In games it was quite different, a cheaper and less power hungry Athlon was often faster.

Now Prescott is a different beast. Even longer pipeline so that it could reach even higher clocks. Which didn't happen. It pulled more power, was slower per clock, and didn't clock any higher.
There was a die shrink, Cedar Mill, that reduced power consumption again, and was fairly decent, but still no Northwood.
(I have a 3.0 GHz Cedar Mill here, and it runs pretty cool even with OC to 4 GHz with a proper cooler. Under 70°C with 1.4V under a Hyper 212 Evo)

Northwood had a 20 stage pipeline, Prescott had 31. And there were already early samples of the next version, Tejas, which lenghened the pipeline again.
A Tejas test chip with 2.8 would be rated for 150W, while Prescott could do that with 84W, a Smithfield Pentium D (dual core) with 95 W and a Northwood with 68 W, and of those the fastest would be Northwood/Smithfield (if the software can use both cores) > Prescott > Tejas.

In the end it was a design aimed at high clocks. (10 GHz by 2011) A long pipeline helps with that, but reduces IPC.
AMD actually did something similar with their FX chips. A hit in IPC, but high clocks. And IBM did it as well with POWER6

And we're approaching the same limit again.
From a 3.8 GHz Pentium 4 with 115W to a to 3.73 GHz Pentium D with 130 W to a 5 GHz POWER6 with 160W to a 5 GHz FX-9590 with 220W and now we got some nice 5 GHz i9 with 350W
 
  • Like
Reactions: jnjnilson6
Assuming the power consumption of the processors was more or less in line with its TDP, how hot something runs really just depends on the cooling system around it.
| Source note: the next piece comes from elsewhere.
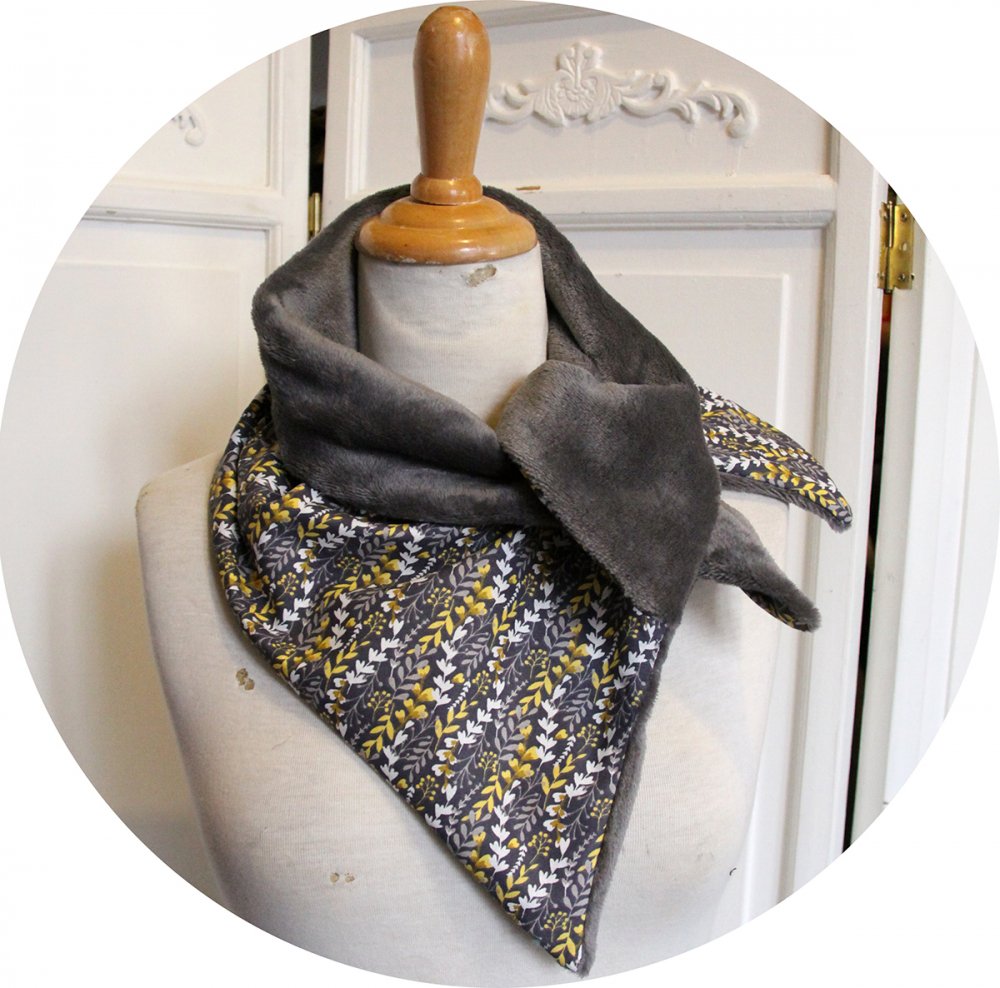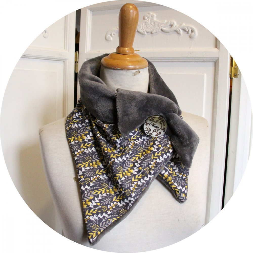 Col gris en coton imprimé jaune et blanc et fourrure polaire grise. Un joli col écharpe tout doux et souple coupé dans une toile de coton imprimée de feuilles blanches et jaunes sur fond gris, tout doublé de fourrure polaire grise super douce.. Il se drape autour de votre cou pour vous tenir bien chaud et se ferme par un bouton en bois de coco gravé. Une idée cadeau que vous plébiscitez parce que:

If you run a 65W TDP Ryzen processor (which really consumes ~85W under full load) using a Wraith Prism cooler, it'll run just as hot as a Pentium 4 back in the day.

This was the stock cooler for a Northwood Pentium 4. Apparently it used to be worse.
hsf.jpg


And a typical case of the time would've had at best an 80mm fan in the front and an 80mm fan in the back.

Otherwise the answer to why a Pentium 4 consumed so much more power was already given.